§ EXERCISE AIM: Quote these lines exactly: the one that holds "Mit dem Anstieg" and every line after it to the end of the material below. Skip pictures.

§ DATA SEGMENT:
::::

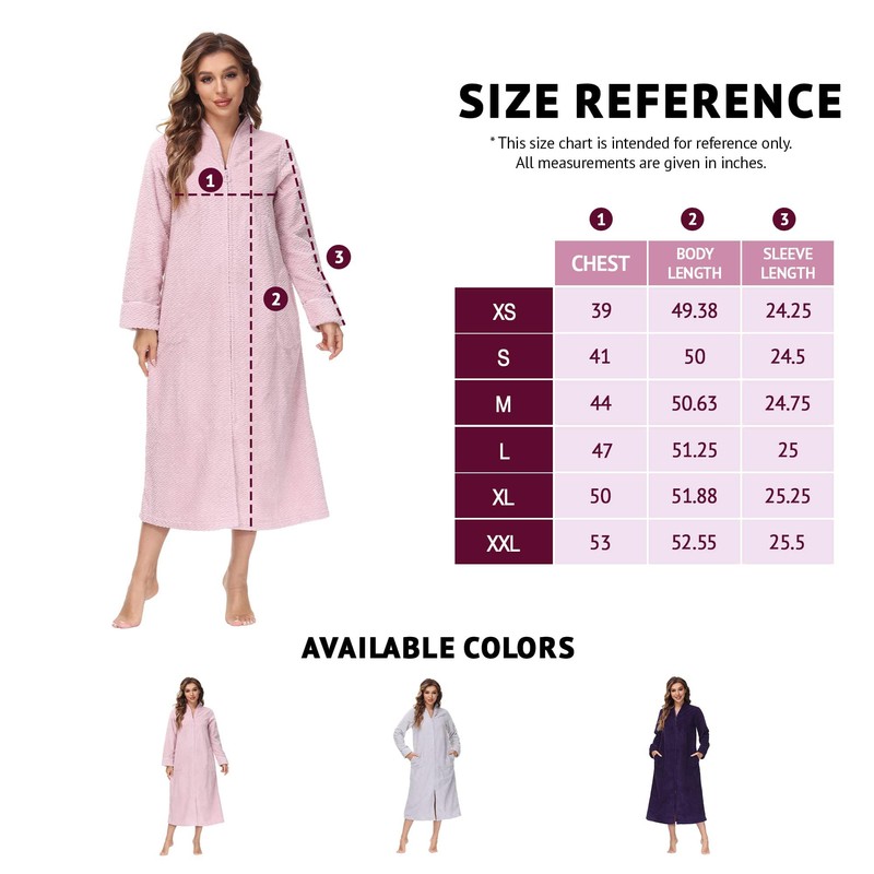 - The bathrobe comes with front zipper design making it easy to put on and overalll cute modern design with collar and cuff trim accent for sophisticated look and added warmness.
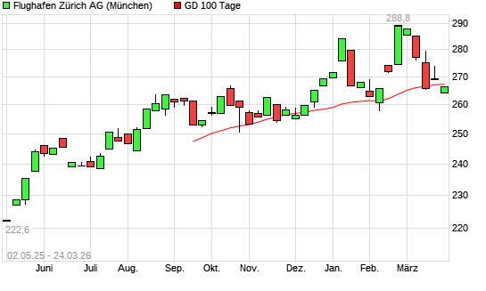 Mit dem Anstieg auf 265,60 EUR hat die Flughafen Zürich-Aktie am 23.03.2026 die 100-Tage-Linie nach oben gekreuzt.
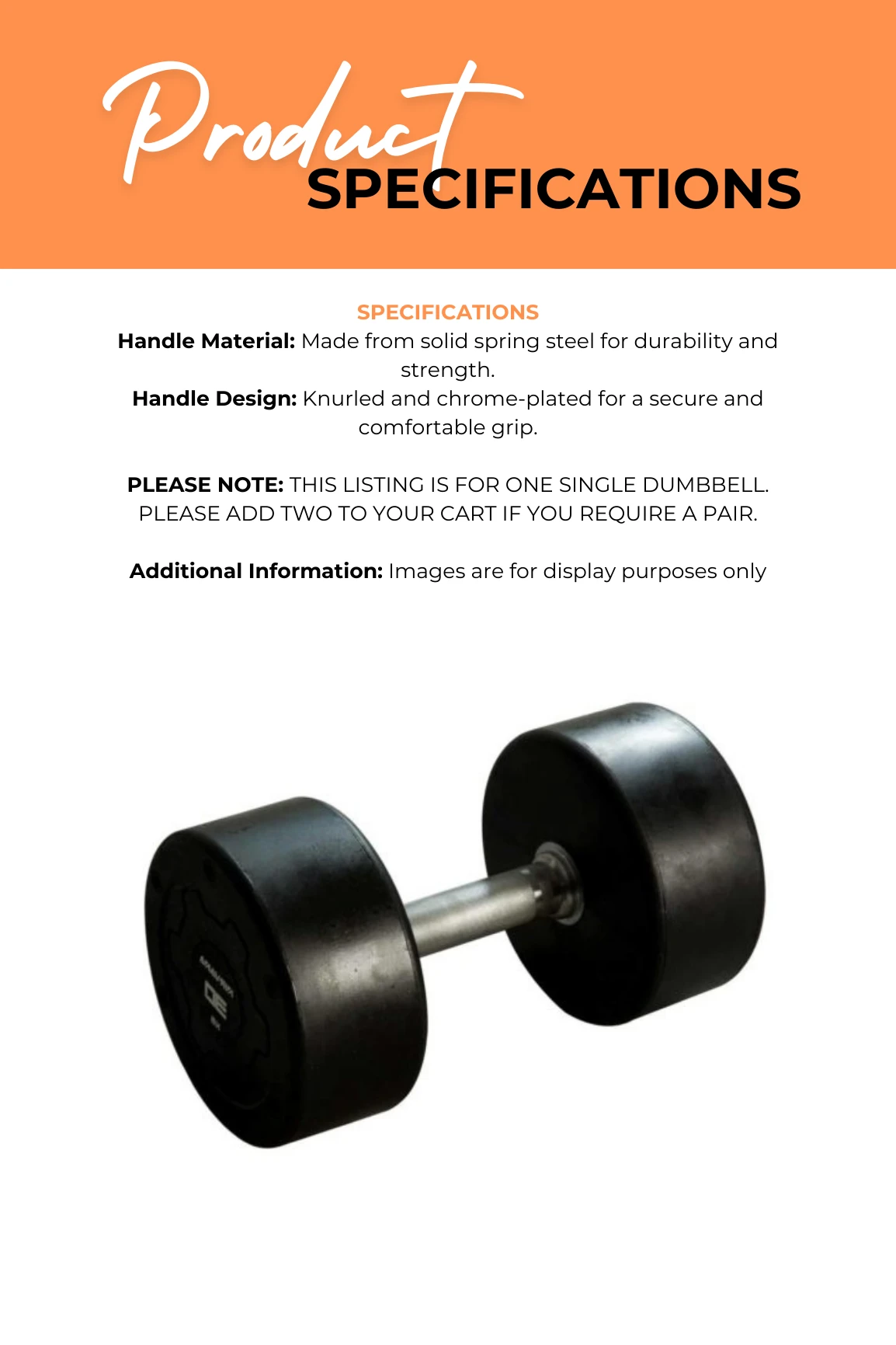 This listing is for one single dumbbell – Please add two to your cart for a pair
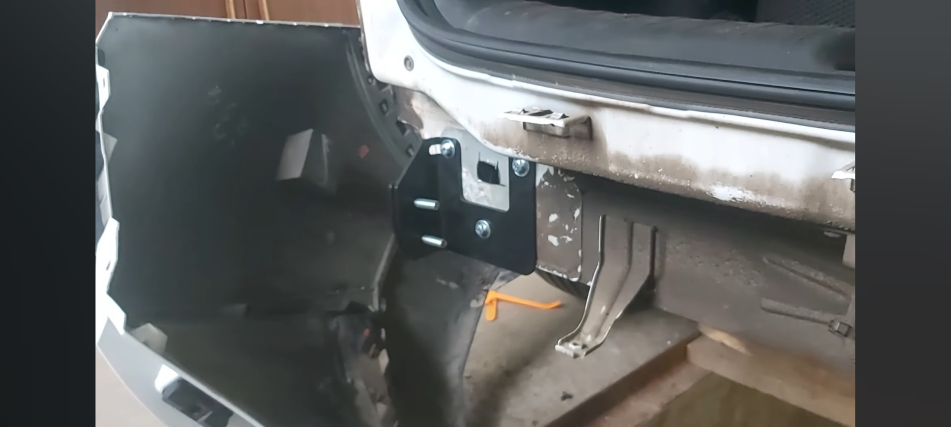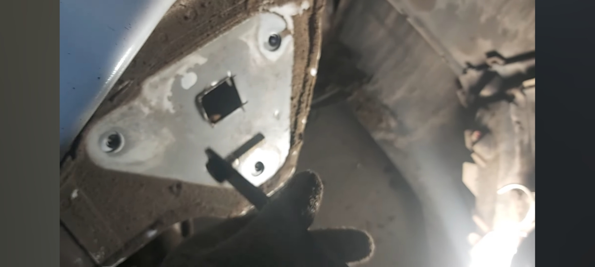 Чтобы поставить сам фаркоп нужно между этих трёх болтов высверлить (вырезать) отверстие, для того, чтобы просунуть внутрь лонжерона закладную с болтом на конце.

::::

§ EXPECTED ANSWER:
 Mit dem Anstieg auf 265,60 EUR hat die Flughafen Zürich-Aktie am 23.03.2026 die 100-Tage-Linie nach oben gekreuzt.
 This listing is for one single dumbbell – Please add two to your cart for a pair
 Чтобы поставить сам фаркоп нужно между этих трёх болтов высверлить (вырезать) отверстие, для того, чтобы просунуть внутрь лонжерона закладную с болтом на конце.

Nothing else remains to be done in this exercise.